The advance will help to boost revenue for producers and also increase royalty payments to the government, said Witoro Soelarno, secretary to the director general of minerals, coal and geothermal at the Energy Ministry.

The metal traded on Wednesday at $26,790 a ton on the London Metal Exchange, an all-time high.

Tin is the best performer on the LME this year, climbing about 56 percent on concerns that supply disruptions in Indonesia, the world’s largest exporter, and China will cut stockpiles as demand gains.

Venture Minerals, building a mine in Tasmania, has said that global shortages may last five years and forecast a major supply gap.

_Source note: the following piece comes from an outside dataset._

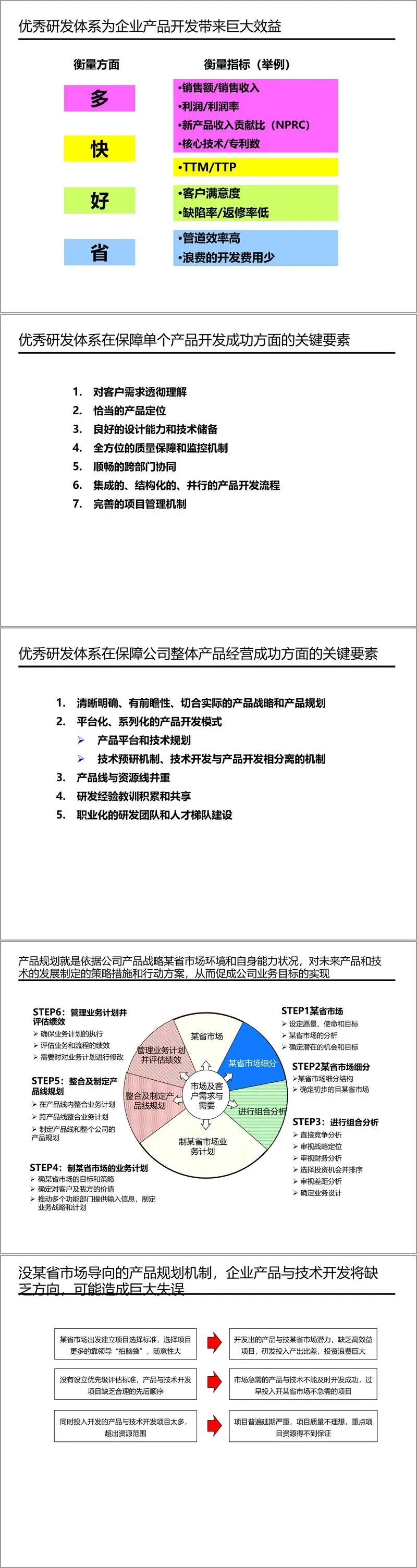 产品规划作为IPD的前端环节,对企业产品开发方向具有决定性影响。文件指出,缺乏市场导向的规划机制容易导致产品开发偏离市场需求,资源投入效率低下。因此,IPD强调通过系统的市场分析、细分、组合分析等步骤,制定清晰的产品线业务计划,确保产品与技术开发符合公司战略,并能有效响应市场变化。

“Tin prices will continue to climb as the bad weather that disrupted production will persist until next year,” Soelarno told reporters in Jakarta Wednesday.

Soelarno said on Aug. 11 that Indonesia’s output of the metal may drop 20 percent this year to 85,000 tons because of heavy rains.

Tin is the first base metal to reach a record since the financial crisis in 2008, outperforming copper, nickel and zinc.

The metal, used as a solder and in packaging, touched a low of $9,700 a ton in December of that year as demand dropped and investors pared commodity holdings.

The three-month contract rose Wednesday for a fourth straight session, gaining as much as 3.3 percent.

A La Nina weather event has brought heavier-than-usual rainfall to parts of Australia and Asia this year, including Indonesia, Southeast Asia’s largest economy.

The rains have also been blamed by industry groups in the country for lower output or missed forecasts for cocoa, palm oil and coal.

Tin stockpiles tracked by the LME have dropped 53 percent this year, falling to a 17-month low of 12,495 tons this past Friday.

Exports from Indonesia declined for the first eight months of this year to 60,107 tons from 67,798 tons a year earlier, the Trade Ministry said on Sept. 22.

Tin output from China may be restricted until the end of the year because of limitations on power use, industry group ITRI said on Sept. 29.

A general ban on mining was also imposed last month in three eastern provinces in the Democratic Republic of Congo, Africa’s largest producer.

Venture Minerals said there was a dearth of new tin projects. Managing director Hamish Halliday said: “The catch-up that’s required on the exploration side is quite vast.”

Shares in Timah, Indonesia’s biggest producer, surged as much as 5.7 percent before closing 3.2 percent higher.